Often, he’d include a pot to bang.
“IT’S TIME TO WAKE UP, BE-CKY, IT’S TIME TO WAKE UP NOW!” was a favorite, although generally it was this: “RISE, AND SHINE, AND BRING OUT THE GLORY-GLORY, RISE, AND SHINE, AND SING OUT THE GLORY-GLORY.”
By the time I’d lobbed a pair of shoes at his head, I was downright furious. It’s bad enough to have to live THROUGH a morning, but to be woken up to my brother’s off-key warbling of church songs? That was fucking TORTURE.
Once I’d gotten dressed and stomped downstairs, my family would greet me one by one with, “WHY HELLLLLO, BECKY. HOW ARE YOU TODAY?”
I’d let my middle finger respond.
While this brought no end of amusement to the rest of my family, I’d always hoped that I’d grow into a morning person. After I plotted their death by torpedo or frenzied shark attack, of course.
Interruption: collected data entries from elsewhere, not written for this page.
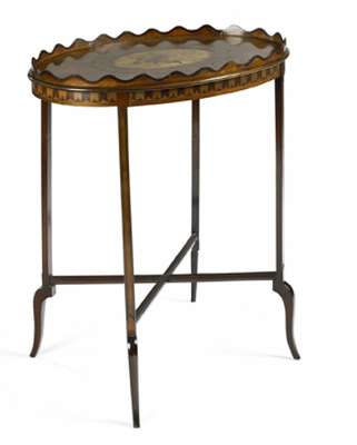 the satinwood and rosewood carved gallery enclosing a central musical trophy oval, the dot inlaid chequer banded frieze, on square legs joined by an X-form stretcher and ending in cabriole legs
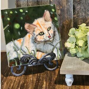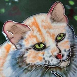 Whimsical Orange Tabby Cat Handmade Ceramic Tile - Unique Cat Wall Art (8x8) Because of the vintage age of the tile, it does have crazing, but no chips. Great for backsplash kitchen or bathroom or just to display as vintage art. Add a pop of feline charm to your space with this Ceramic Glaze Art Tile featuring an adorable Orange Tabby Cat in a lush green grass setting. Hand-painted with meticulous attention to detail, this 8x8 tile is perfect for cat lovers looking to add a whimsical touch to their home decor. Display it on a wall to bring a touch of playful elegance to any room.
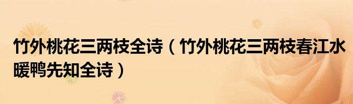 大家好,伊人來為大家解答以上問題。竹外桃花三兩枝全詩,竹外桃花三兩枝春江水暖鴨先知全詩很多人還不知道,現(xiàn)在讓我們一起來看看吧!
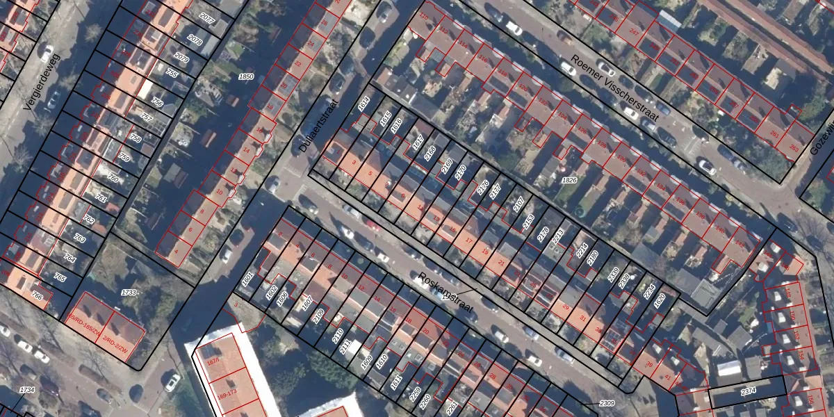 Gebruik de zoekbalk of klik op een perceel voor informatie over de adressen binnen dit perceel.
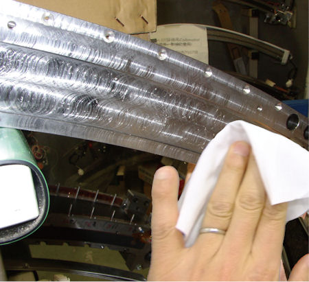 - Wipe off the remaining (old) adhesive completely from the attaching surface of the top collimator rail using alcohol pads (or equivalent).
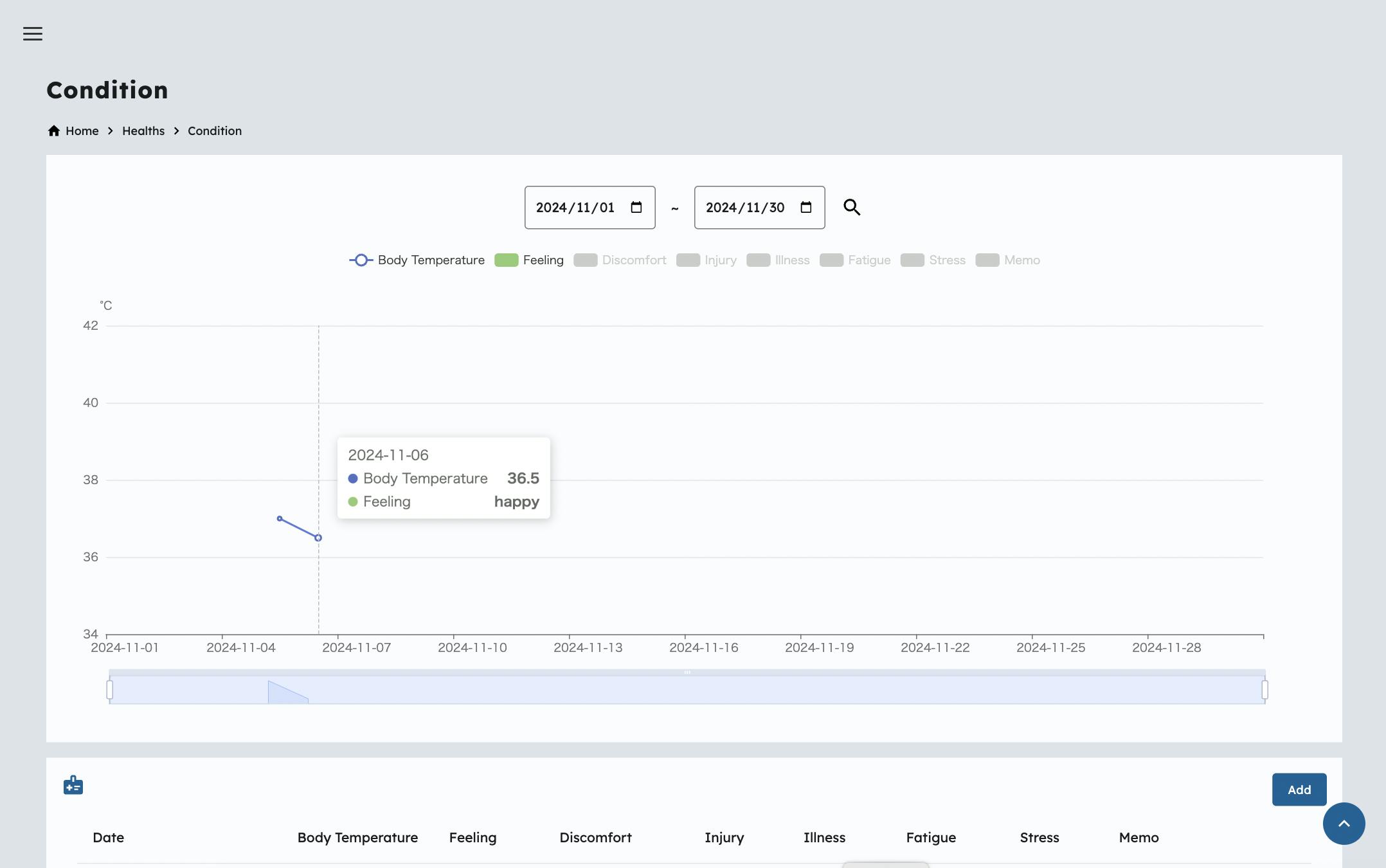 2024/11/05 14:24ヘルスログに新たに「体調」機能が追加されました。体重やウエストサイズ、睡眠時間などの客観的なデータだけでなく、気分や違和感など主観的なデータの記録にぜひ使ってください。アップデート情報 もっと見る
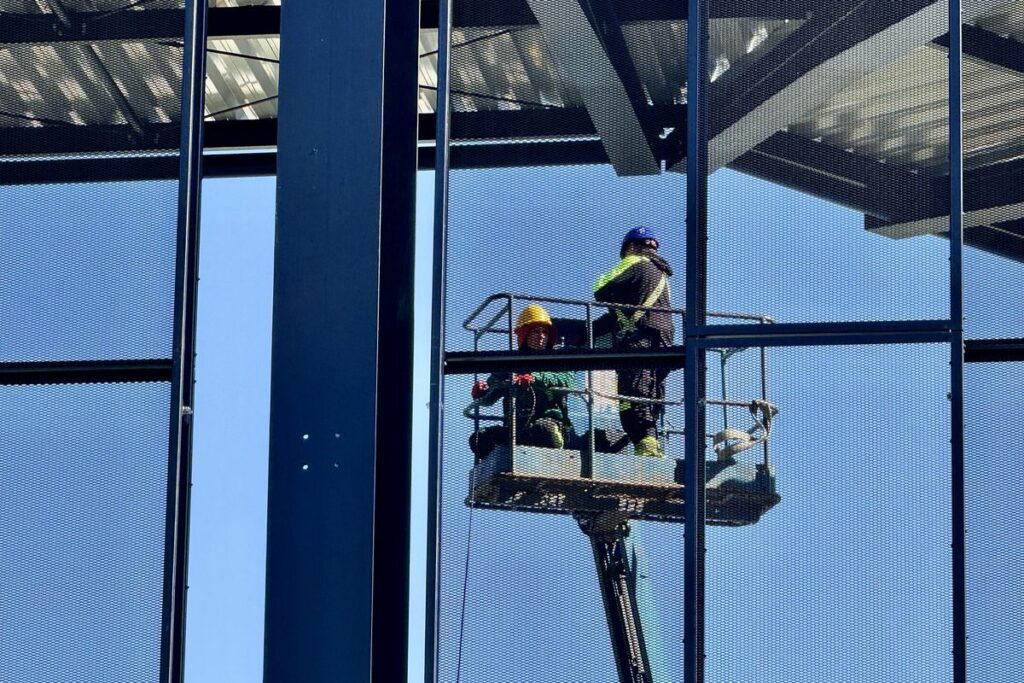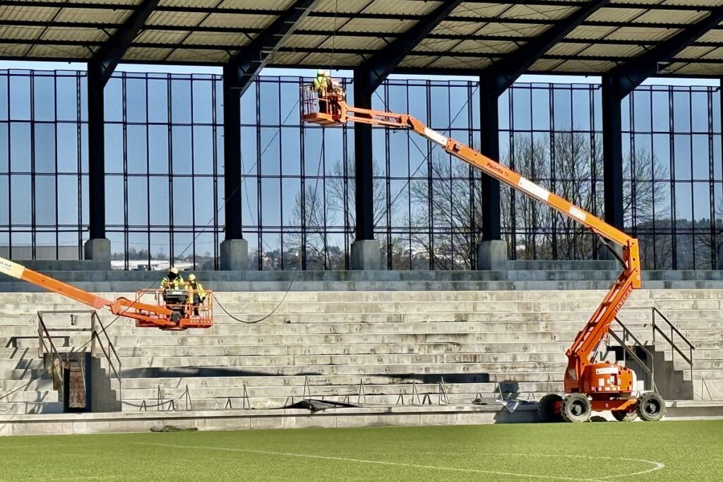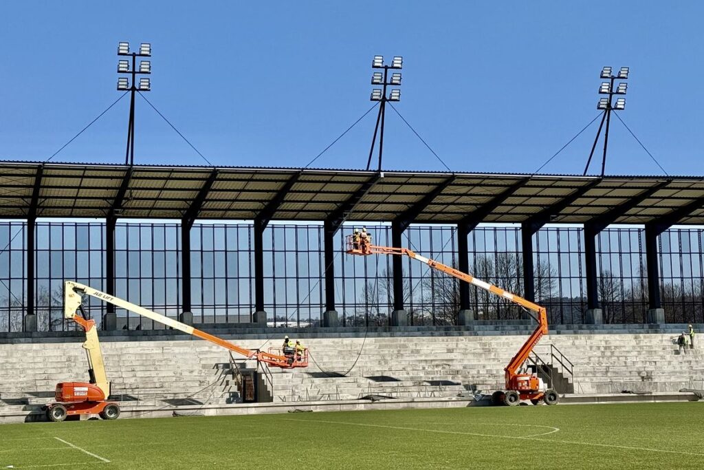 Prezes spółki NIK Dawid Janik wyjaśnia, że po zakończeniu ważnych prac związanych z ułożeniem zadaszenia trybun, ekipa elektryczna prowadzi prace instalacyjne przy oświetleniu trybuny B.

Not so much. Their untimely deaths OR an ability to enjoy anything before ten AM.
I’ve fought against it but it turns out that I will simply never be a morning person.
Mornings are bullshit.
This week, I have to be a morning person. My preschool teacher is gone for a week, which means that I have to entertain a very bored Alex and Amelia.
It’s gin and tonic o’clock somewhere, right?
Are you a morning person? Can you come over and watch my kids for me?